Exercise brief: The whole listing is to be given again without alteration, except that its pictures are dropped.

Source material:
════════════════

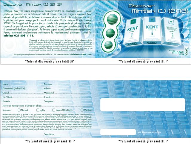 Generare de trial in randul consumatorilor tinta Kent Mintek si atingerea unui nivel de 16,800 contacte reusite la nivel national
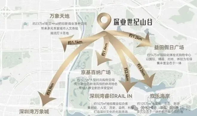 - 配套极度成熟:3公里范围内汇聚万象天地、益田假日广场、欢乐海岸等六大高端商圈;医疗方面靠近三甲医院(协和深圳医院)。
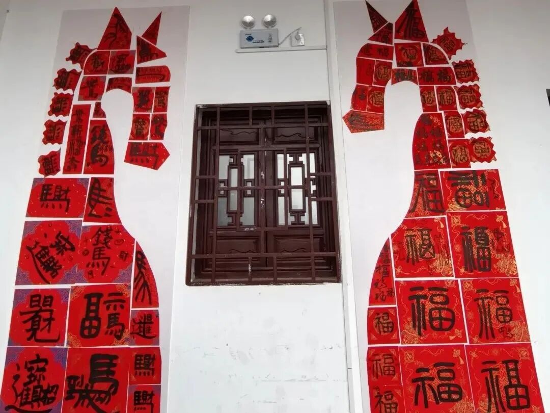 剪纸贴的两匹马。@媛媛 摄于龟山公园

════════════════

Worked solution:
 Generare de trial in randul consumatorilor tinta Kent Mintek si atingerea unui nivel de 16,800 contacte reusite la nivel national
 - 配套极度成熟:3公里范围内汇聚万象天地、益田假日广场、欢乐海岸等六大高端商圈;医疗方面靠近三甲医院(协和深圳医院)。
 剪纸贴的两匹马。@媛媛 摄于龟山公园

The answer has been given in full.